Aim of the task -> In the listing that follows, find the line with "백종원의 논란이 불거지면서", then copy exactly from it through the line with "拉瑞安工作室发布了《博德之门3》的媒体荣誉宣传图,一眼望去全是满分。", leaving out every picture.

Entries supplied ->
.....
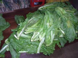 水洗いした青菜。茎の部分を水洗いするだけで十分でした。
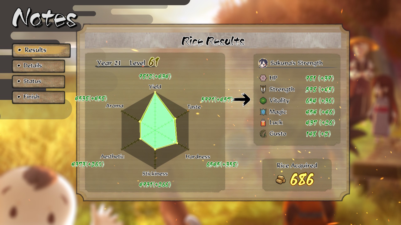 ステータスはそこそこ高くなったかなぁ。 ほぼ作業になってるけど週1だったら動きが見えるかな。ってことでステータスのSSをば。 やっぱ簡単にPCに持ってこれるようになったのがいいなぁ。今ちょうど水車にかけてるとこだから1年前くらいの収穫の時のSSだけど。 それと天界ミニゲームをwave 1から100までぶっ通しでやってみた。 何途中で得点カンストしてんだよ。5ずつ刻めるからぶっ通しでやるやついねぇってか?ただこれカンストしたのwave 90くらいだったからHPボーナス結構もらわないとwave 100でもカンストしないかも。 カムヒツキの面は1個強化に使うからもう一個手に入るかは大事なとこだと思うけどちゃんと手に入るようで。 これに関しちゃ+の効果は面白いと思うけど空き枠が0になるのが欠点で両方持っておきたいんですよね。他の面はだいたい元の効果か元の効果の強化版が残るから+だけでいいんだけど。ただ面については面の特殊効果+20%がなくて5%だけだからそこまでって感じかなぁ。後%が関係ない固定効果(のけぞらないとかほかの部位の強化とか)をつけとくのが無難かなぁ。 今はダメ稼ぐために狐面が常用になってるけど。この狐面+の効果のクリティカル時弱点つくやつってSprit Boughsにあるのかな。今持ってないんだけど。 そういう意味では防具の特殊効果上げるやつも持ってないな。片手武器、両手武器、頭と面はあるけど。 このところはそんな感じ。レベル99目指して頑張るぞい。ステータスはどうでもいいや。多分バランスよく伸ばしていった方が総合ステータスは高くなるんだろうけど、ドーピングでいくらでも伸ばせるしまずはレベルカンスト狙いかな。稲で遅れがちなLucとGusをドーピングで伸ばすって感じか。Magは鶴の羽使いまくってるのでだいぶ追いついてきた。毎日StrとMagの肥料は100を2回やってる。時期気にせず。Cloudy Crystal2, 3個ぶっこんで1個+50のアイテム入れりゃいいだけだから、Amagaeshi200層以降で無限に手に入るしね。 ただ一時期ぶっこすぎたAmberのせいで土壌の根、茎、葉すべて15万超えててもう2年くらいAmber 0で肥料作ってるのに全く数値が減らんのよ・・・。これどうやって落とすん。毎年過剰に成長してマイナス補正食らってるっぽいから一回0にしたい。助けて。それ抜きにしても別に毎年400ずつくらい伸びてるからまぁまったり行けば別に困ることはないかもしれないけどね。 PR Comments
.....
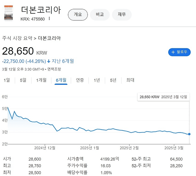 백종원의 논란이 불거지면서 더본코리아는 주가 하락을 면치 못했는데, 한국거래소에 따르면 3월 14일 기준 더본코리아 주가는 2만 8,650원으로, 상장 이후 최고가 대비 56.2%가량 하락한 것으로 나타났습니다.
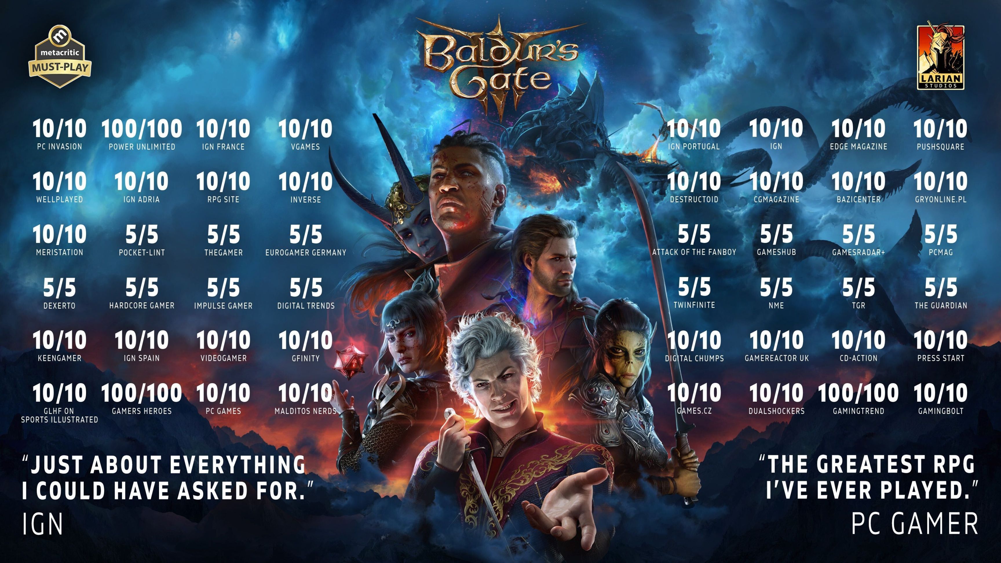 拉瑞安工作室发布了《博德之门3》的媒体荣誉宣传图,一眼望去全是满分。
.....
Answer space ->
 백종원의 논란이 불거지면서 더본코리아는 주가 하락을 면치 못했는데, 한국거래소에 따르면 3월 14일 기준 더본코리아 주가는 2만 8,650원으로, 상장 이후 최고가 대비 56.2%가량 하락한 것으로 나타났습니다.
 拉瑞安工作室发布了《博德之门3》的媒体荣誉宣传图,一眼望去全是满分。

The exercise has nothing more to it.